The Human Bridge to Trustworthy AI: Independent Ombudspeople Could Help Verify Claims by Companies and Countries about AI
I describe a possible organization that would independently scrutinize the claims that companies and countries make about AI capabilities, safety, and governance.
Introduction
As discussed in recent posts, I’m quite interested in how companies and countries can demonstrate that the AI systems they’re building are safe, secure, and beneficial, while also respecting important constraints like privacy and intellectual property.
This is a tricky problem, but notably, it’s not unprecedented. Nuclear and chemical facilities are routinely inspected by third parties because people invested a lot in making it work. Financial auditors build confidence daily in the fact that almost all companies in countries with good rule of law aren’t routinely defrauding people.
In this post, I want to outline one idea for how you might go about making AI development and deployment more trustworthy in the near-term, by leveraging human intelligence and institutions, and build a bridge to the longer-term, more automated solution which I think we’ll need eventually.
I’m not sure about the exact details of this idea being right, but hopefully the sketch of one solution below will spark some creative thinking on the overall problem, and maybe there’s something here that can be usefully combined with other ideas.
I won’t go into detail about existing efforts to build trust in AI development and deployment, of which there are many (and many similarities/differences to what I discuss here), but I’ll return to this in a future blog post. In short, there are some nascent efforts in this direction in specific “verticals” (e.g., independent evaluation of dangerous capabilities) but typically they involve much more shallow access than what I describe here.
GAAIO in brief
An organization could be created in order to verify the claims made by companies and countries about AI – and that’s it. It could be called the Global Association of AI Ombudspeople (GAAIO, pronounced “guy-oh”).
Using GAAIO’s services would be totally voluntary, its conclusions would have no force beyond what governments choose to do with them, and it would not suggest claims that it wants companies or countries to make.
To inform GAAIO’s conclusions, which might be public or not depending on the context, GAAIO’s ombudspeople would essentially be given the same access as a normal employee of a company or a government agency.
Keeping the scope and legal status of this organization limited is perhaps the best way to get going, since it would ensure focus and it would not require anyone to sign off on it before getting started. Of course, the stipulation that GAAIO’s services be voluntary means that it would not (on its own) help much with some of the hardest cases involving countries that mistrust one another and especially sensitive use cases like military AI. But I think it could get the ball rolling and establish a practical and theoretical foundation for later steps, and add value on its own.
What sorts of claims and why verify them?
Companies and countries make a lot of claims about the AI that they are developing, deploying, or governing, and these claims vary widely in terms of subjectivity and scope. Sometimes the conclusions may not be a binary yes or no, but it may nevertheless be important for there to be a way of increasing trust in the claims, as part of a larger strategy for AI governance (e.g., regulation of the biggest risks, or multiple countries agreeing to follow certain “rules of the road” and not wanting others to cut corners secretly).

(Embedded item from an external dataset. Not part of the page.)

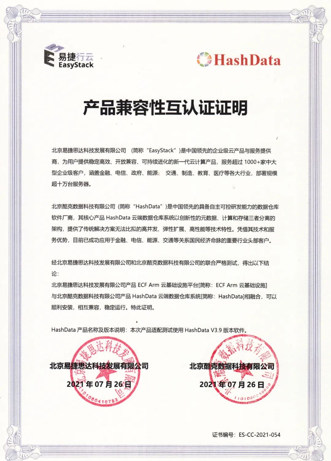 在此之前,HashData云端数据仓库系统已与华为云共同实现了鲲鹏芯片的适配 ( HashData再添华为新认证,加入IBM生态大家庭!)。此次与EasyStack ECF Arm 云基础设施平台完成的兼容性互认证,HashData进一步表现出与国产软硬件适配的良好成熟度、开放性以及兼容性,这得益于一直以来强大的自主可控、研发创新属性。未来,HashData将与更多国产芯片、国产操作系统完成适配,继续加强国产适配能力、扩大国产适配范围,共同为用户提供更优质、更有价值的解决方案,助力我国自主软硬件生态建设,促进信息产业繁荣发展。

Some claims might include, e.g., “we made a good faith effort to red team this system,” “the model we recently declared to government authorities is our most capable model,” “the model we deployed in production is the same one we evaluated and discussed in this system card,” “we don’t have a secret underground datacenter,” etc.
Verifying claims about AI is critical for the same reason that the International Atomic Energy Agency (IAEA), for all its flaws, is critical. For a high-stakes technology like nuclear energy, you can’t just take organizations at their word, at least not in all cases, and an atmosphere of distrust and suspicion can lead to corner-cutting and conflict. So even though it’s difficult sometimes, it is worth it to invest serious time, money, and effort in finding ways to build trust.
Reagan famously said “trust but verify” in the context of arms control with the Soviet Union. I think a similar mindset will ultimately be needed as AI gets more capable (though I’d perhaps rephrase it to “trust through verification,” since in the very hardest cases, like US-China relations, there will be no trust in the beginning).
Doing what doesn’t scale but can work for now
As discussed elsewhere, I think AI will likely play a big part in governing AI, and in a later section I talk about why automation will also be needed. Imagine, e.g. “automated auditors” that are given full access to internal info, spit out a yes/no/maybe answer to a question their human supervisor asked them, and then delete themselves and everything they learned — that’d be awesome and make it much easier to solve some thorny problems in AI policy. I want to help make sure those things ultimately exist but for now, we don’t have them, and AI policy isn’t waiting for them. So what do we have already?
Humans and institutions. While IAEA inspectors have fancy tools, their most important “tools” are their body and brain. These inspectors physically visit facilities, ask questions of staff, use various sensors, and generally bring their expertise to bear on the task at hand.
And those inspectors are part of a larger institution that has a reputation built over decades, that has explicit values and processes around protection of sensitive information, that has training and apprenticeship programs, and that draws on research insights from the IAEA’s own research facilities as well as the scientific community more generally. There’s nothing stopping us from building a team of AI ombudspeople to do just that in an AI context, with this team being drawn from various countries around the world, and “deploying” them in a matter of months (again, at the invitation of the organization/country in question).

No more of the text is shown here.